- **Task item**
Your job is to set down the stretch of entries that opens with the line containing "Le pont élévateur" and closes with the line containing "比如,特斯拉的Autopilot、凯迪拉克的Super Cruise、奔驰的Drive Pilot、奥迪的Traffic". Keep both end lines, copy each exactly, and add nothing.
Records for this exercise below:
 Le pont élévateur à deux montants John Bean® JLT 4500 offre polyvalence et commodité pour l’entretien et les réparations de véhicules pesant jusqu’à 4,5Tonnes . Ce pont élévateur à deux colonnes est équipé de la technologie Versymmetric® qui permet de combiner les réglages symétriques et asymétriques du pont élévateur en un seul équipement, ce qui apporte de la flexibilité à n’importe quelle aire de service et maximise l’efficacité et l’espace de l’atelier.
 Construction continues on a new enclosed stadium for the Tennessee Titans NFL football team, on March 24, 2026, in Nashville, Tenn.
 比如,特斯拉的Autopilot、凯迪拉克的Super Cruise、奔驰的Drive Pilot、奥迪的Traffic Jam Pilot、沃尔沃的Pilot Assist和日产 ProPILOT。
End of Records for this exercise.
Records for this exercise below:
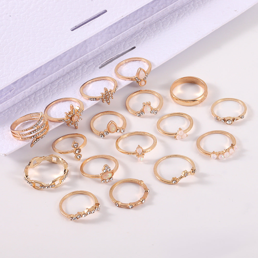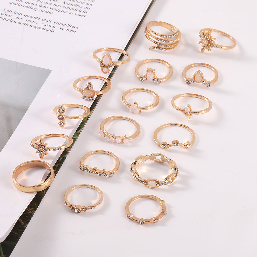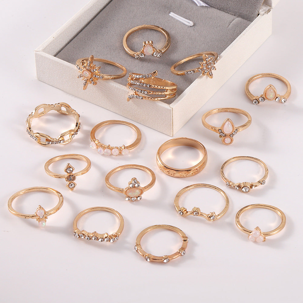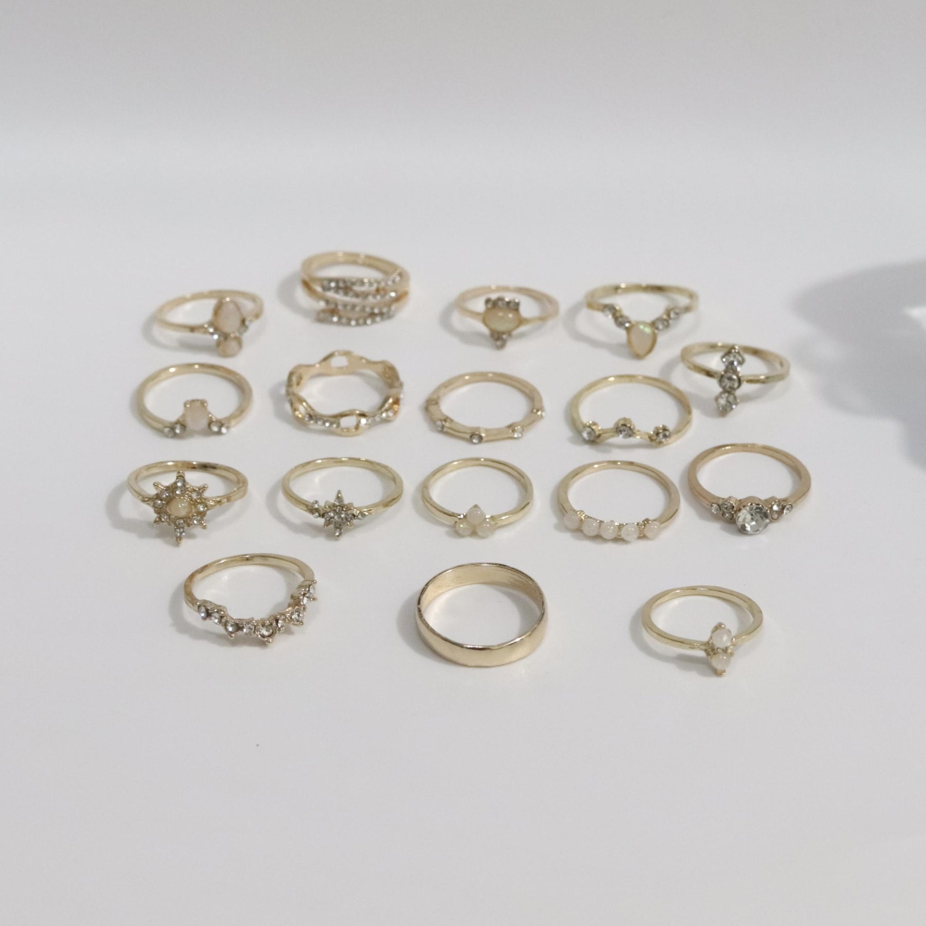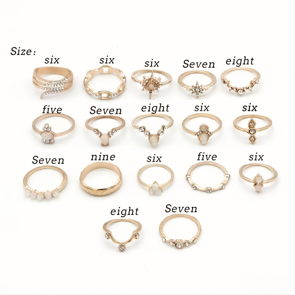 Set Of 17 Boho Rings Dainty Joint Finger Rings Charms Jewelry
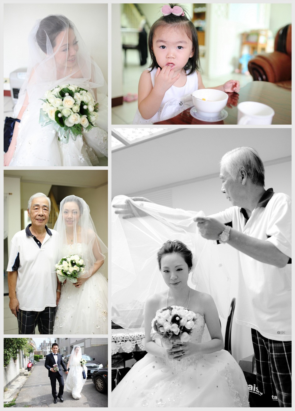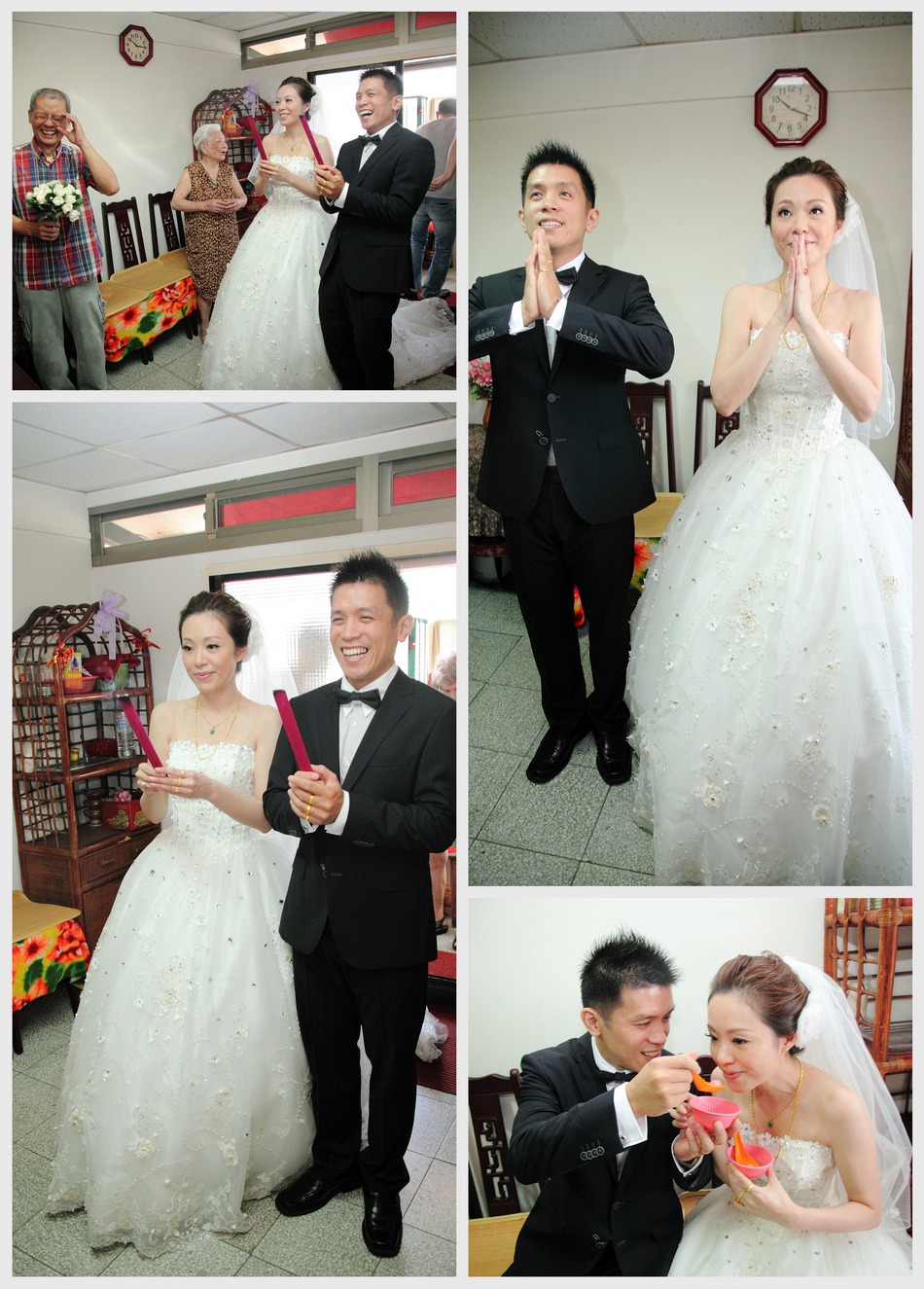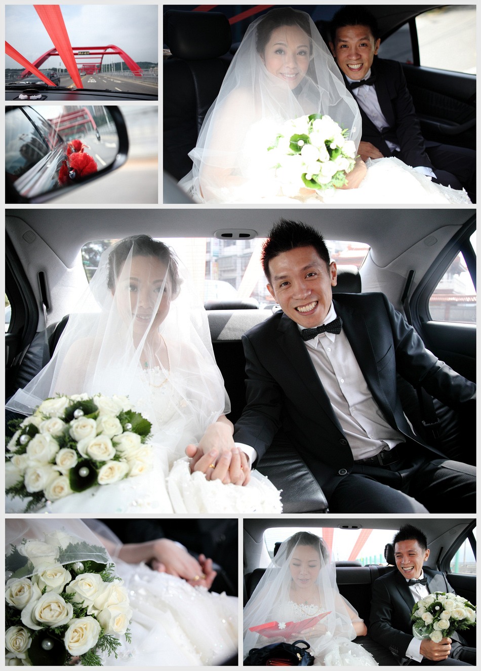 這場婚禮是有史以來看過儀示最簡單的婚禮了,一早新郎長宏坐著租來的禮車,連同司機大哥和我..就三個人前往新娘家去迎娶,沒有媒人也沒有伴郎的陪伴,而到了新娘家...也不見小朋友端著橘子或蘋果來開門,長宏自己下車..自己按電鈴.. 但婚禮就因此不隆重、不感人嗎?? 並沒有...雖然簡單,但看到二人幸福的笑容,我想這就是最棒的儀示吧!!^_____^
End of Records for this exercise.
- **Result of this exercise**
 Le pont élévateur à deux montants John Bean® JLT 4500 offre polyvalence et commodité pour l’entretien et les réparations de véhicules pesant jusqu’à 4,5Tonnes . Ce pont élévateur à deux colonnes est équipé de la technologie Versymmetric® qui permet de combiner les réglages symétriques et asymétriques du pont élévateur en un seul équipement, ce qui apporte de la flexibilité à n’importe quelle aire de service et maximise l’efficacité et l’espace de l’atelier.
 Construction continues on a new enclosed stadium for the Tennessee Titans NFL football team, on March 24, 2026, in Nashville, Tenn.
 比如,特斯拉的Autopilot、凯迪拉克的Super Cruise、奔驰的Drive Pilot、奥迪的Traffic Jam Pilot、沃尔沃的Pilot Assist和日产 ProPILOT。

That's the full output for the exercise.